FAQ
How to Select the Node and Partition for My Job
In your script, you must specify the following parameters:
#!/bin/bash
#SBATCH --nodelist=diufrd204 # Specify the node to use
#SBATCH --partition=GPU # Choose the partition (CPU or GPU)
#SBATCH --gres=gpu:1 # Specify the number of GPUs required
Currently, we have two options for partitions: CPU or GPU.
How Can I Accelerate the Execution of My Job?
If your job processes a large amount of data, performance may be affected by continuous data transfers between the master and compute nodes.

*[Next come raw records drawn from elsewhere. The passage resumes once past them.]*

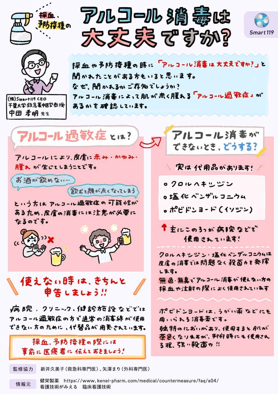 千葉大学発医療スタートアップ企業である株式会社Smart119(本社:千葉県千葉市、代表取締役社長/CEO:中田孝明)は、アルコール消毒についてのイラストレーションを、本日一般公開しました。予防接種、採血の時にはアルコールで皮膚消毒をする際に「アルコール消毒は大丈夫ですか?」と聞かれた経験があると思います。アルコールで消毒をする理由は、注射部位の皮膚の汚れを取り除き、血行性感染を防ぐためです。ただ、皮膚に赤みやかぶれ、もしくは腫れを生じる「アルコール過敏症」を持つ人もいることから、こうして確認をします。過敏症での場合は、ノンアルコール消毒液で代用されます。救急集中治療医の見地から、アルコール過敏症の方が安心して予防接種を受けられるように、親しみやすいマンガで解説します。本資料は学校、企業、公共機関、町内会等で自由に配布・利用していただくことが可能です。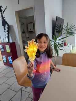 Aus Gips haben wir Geister gefertigt. Da blieben die Hände nicht sauber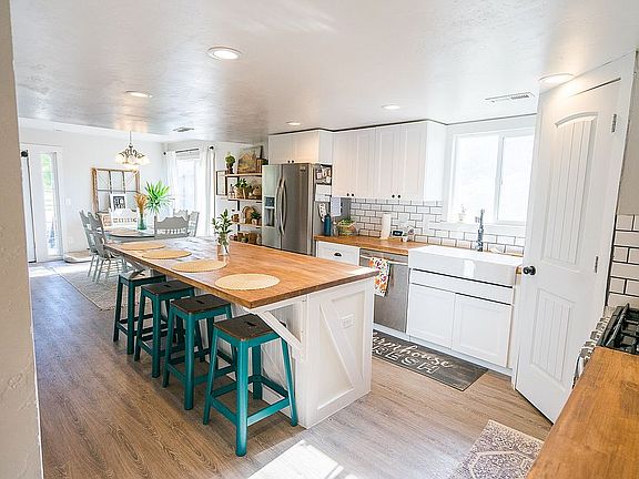 This adorable farmhouse style home has been completely remodeled from 2017-2021. Two stories with a basement. Main floor is open concept with living room, dining room and flows right into the kitchen. Kitchen has a beautiful 8 foot long island for a great breakfast bar. Newly installed butcher block countertops through. All matching stainless steal appliances that are less than 4 years old. Walk in pantry for plenty of storage! Main floor also has a full bath. Bedroom that was used as a craft space but can be that 6 bed. Big laundry room with even more storage. Upstairs features 2 bath, 2 bed and the big master suite. In the master suite you have the option for an additional living rom/seating area. A big walk in closet perfect for two. French doors lead out to the balcony. Basement is ready for an additional living space and has the option to be rented if you choose. 2 beds and 1 bath that has hook ups for a stackable dryer and washer. Huge storage room with 4 storage shelfs to store extra decorations, food storage, or whatever have you. Stand up freezer so you're not piling everything in the upstairs freezer. Living room. In the hallway it has hookups for a kitchenette or a wet bar. Outside entrance where you enter through the side of the house. Three car garage with another garage door in the back that rolls up. Attic space for even more storage and a wood burning stove. Plenty land to add animals, greenhouse, she shed, etc. Several fruit trees including 3 varieties of plums, apricots, 2 varieties of apples, and a choke cherry that is so cute! So much additional potential to come!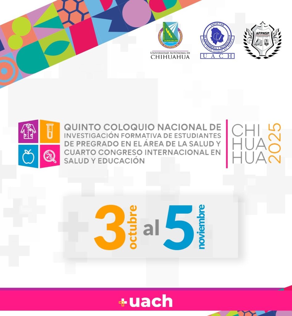 La Facultad de Enfermería y Nutriología de la UACH anunció la realización del Quinto Coloquio Nacional de Investigación Formativa de Estudiantes de Pregrado en el Área de la Salud y el Cuarto Congreso Internacional en Salud y Educación, que se llevarán a cabo del 3 al 5 de noviembre de 2025 en la ciudad de Chihuahua.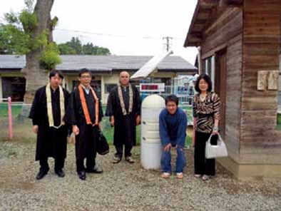佐々木氏はNPO 法人を立ち上げ、除染作業など、子どもを守る活動を行っている。お寺に隣接している幼稚園の園庭近くに線量測定器が設置されていた。隣接する家では除染作業が行われていないため、線量も高くドラム缶に水をはり、防御しているそうだ。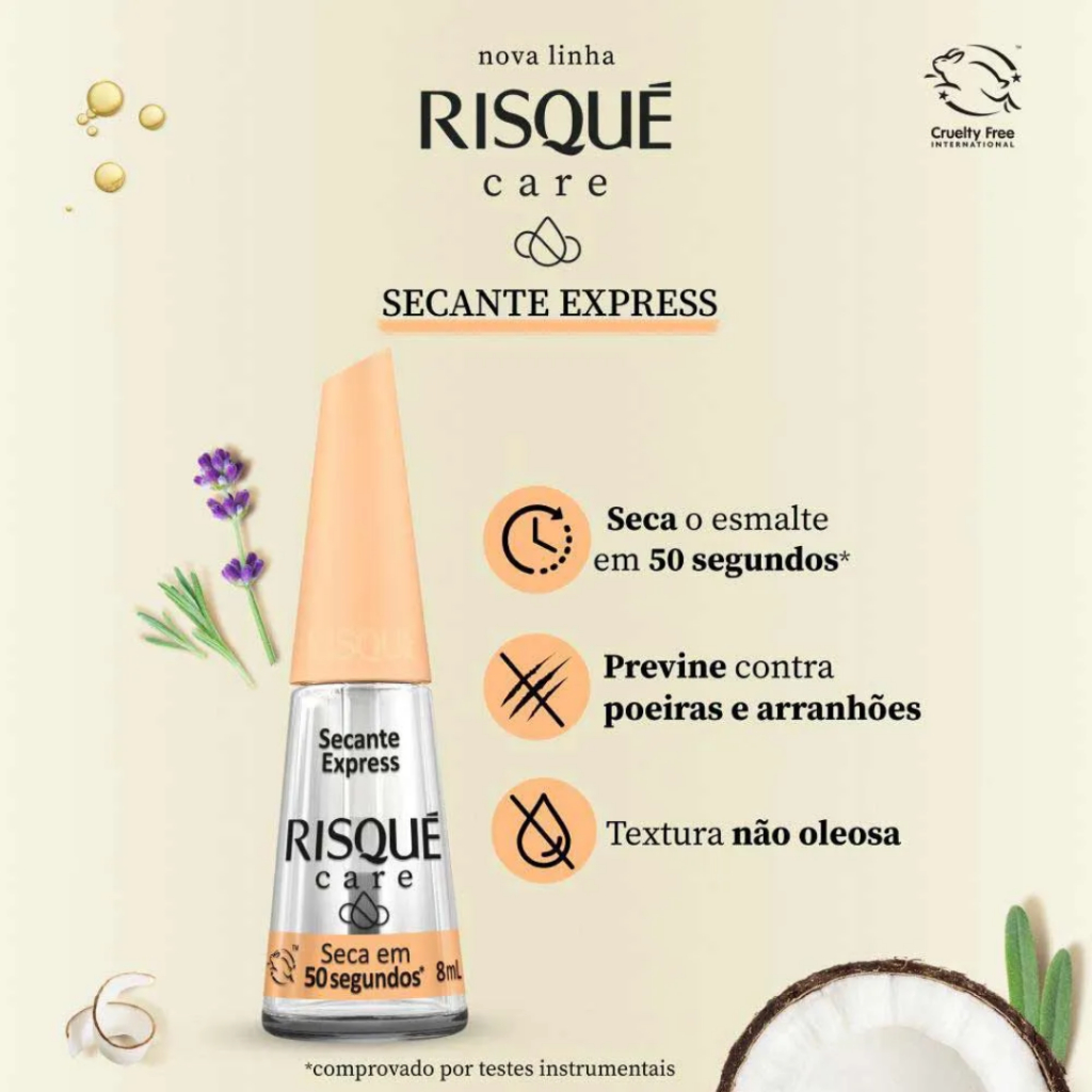 Kit 3 Esmalte Secante Express Seca Em 50 Segundos Risqué Care 8ml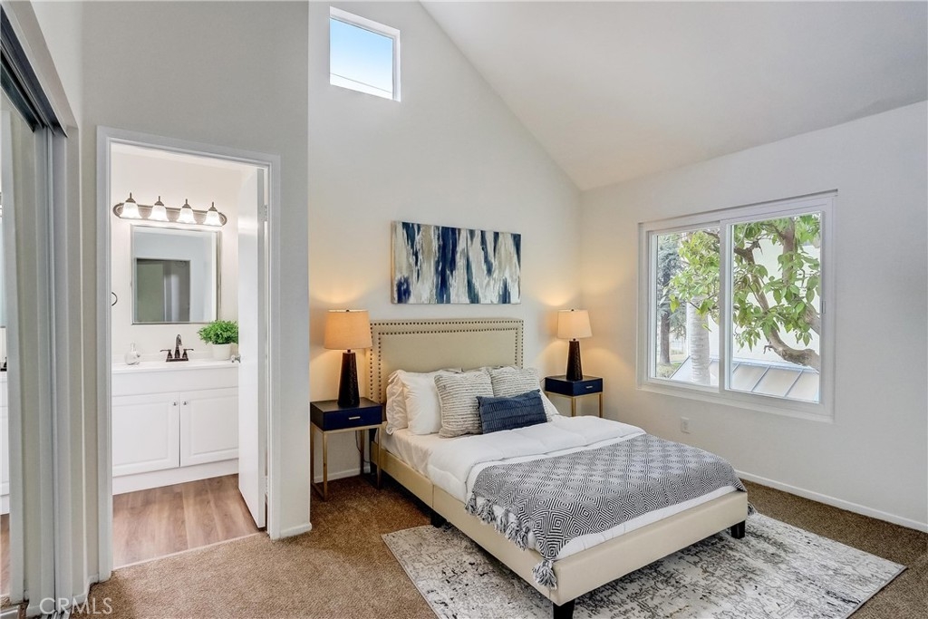 Lovely updated 2 bedroom 2.5 bath condo in a fantastic location. Just minutes to the Forum and LAX. As you enter the picturesque, winding grounds, you'll find a sparkling, and inviting pool. Leading into the condo you’ll find a comfortable living room offering high ceilings and a cozy fireplace. You will also enjoy the convenient sliding glass door which leads outside to the patio and a half bath. Next, you'll find a nice-size dining room that offers an adjacent kitchen updated with Stainless Steel appliances, Quartz countertops, and white Shaker cabinets. The laundry hookups are conveniently located inside the closet downstairs. Upstairs you'll find 2 large primary suites. There is a patio in one of the bedrooms and both have full-size baths. There is new carpet throughout the upstairs, and downstairs you will enjoy LVP flooring. This home has 2 tandem spots for parking. Put this on your list as it won't last long!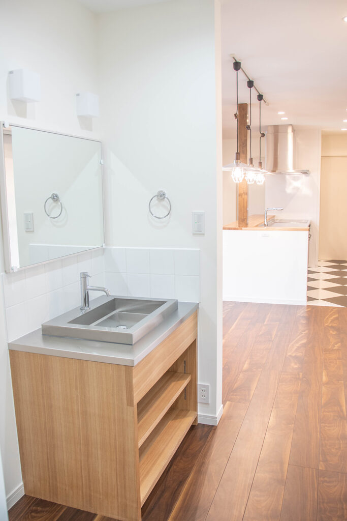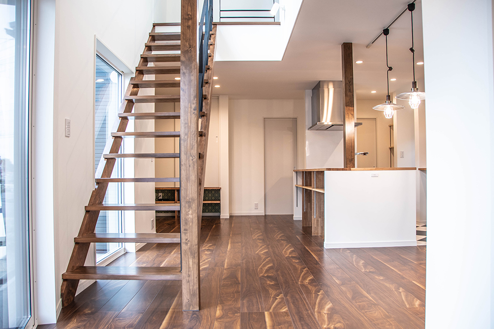 玄関ドアや木板のストリップ階段(※)、キッチンの一部床材など、さまざまな箇所にアクセントとして落ち着いた風合いの木材を使用しています。

In particular, if your job frequently reads small chunks of data, it can significantly slow down execution.
To improve performance, you can copy your data from /HOME/<login>/ to the local /tmp/ directory on the compute node, and then process the data directly from /tmp/. This reduces data transfer overhead and can accelerate execution.

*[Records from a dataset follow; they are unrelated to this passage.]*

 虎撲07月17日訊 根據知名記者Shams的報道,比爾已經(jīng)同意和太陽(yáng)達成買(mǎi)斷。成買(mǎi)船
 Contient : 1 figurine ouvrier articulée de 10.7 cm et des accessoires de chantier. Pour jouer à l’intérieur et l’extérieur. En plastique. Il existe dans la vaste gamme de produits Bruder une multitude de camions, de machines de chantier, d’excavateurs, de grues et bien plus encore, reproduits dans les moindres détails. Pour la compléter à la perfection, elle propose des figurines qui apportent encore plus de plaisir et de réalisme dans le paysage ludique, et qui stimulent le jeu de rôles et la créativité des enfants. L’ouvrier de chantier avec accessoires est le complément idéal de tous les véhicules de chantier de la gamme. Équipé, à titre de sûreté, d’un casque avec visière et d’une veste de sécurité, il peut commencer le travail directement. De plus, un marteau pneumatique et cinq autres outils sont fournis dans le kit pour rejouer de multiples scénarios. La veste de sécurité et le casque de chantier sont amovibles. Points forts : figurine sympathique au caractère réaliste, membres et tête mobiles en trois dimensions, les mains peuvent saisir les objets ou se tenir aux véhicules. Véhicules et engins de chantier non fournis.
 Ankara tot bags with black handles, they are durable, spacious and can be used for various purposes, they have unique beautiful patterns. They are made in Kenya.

Important: Don’t forget to delete your data from /tmp/ after the job completes to avoid unnecessarily occupying space on the compute node.
Can I run my job directly on a compute node such as diufrd204?
Yes, but only for debugging purposes.
To fine-tune your jobs and scripts, you may run short tests directly on the compute node via SSH. However, in general, all scripts should be executed through the SLURM queue management system using sbatch or srun
Several of my jobs were cancelled unexpectedly after running for over 10 hours? the message "CANCELLED+ by root with ExitCode 0:0" in the output file.
My guess is that the Slurm master terminated these jobs because they were requesting more CPU or memory than specified. The computing node has limited amount of CPUs (threads) and memory, and it seems that at some point your jobs are requesting more resources than it is specified in the parameters of your job.
You can SSH into the node to monitor your script in real time (please set up your SSH key if you haven’t already). I recommend adjusting your job submission parameters accordingly.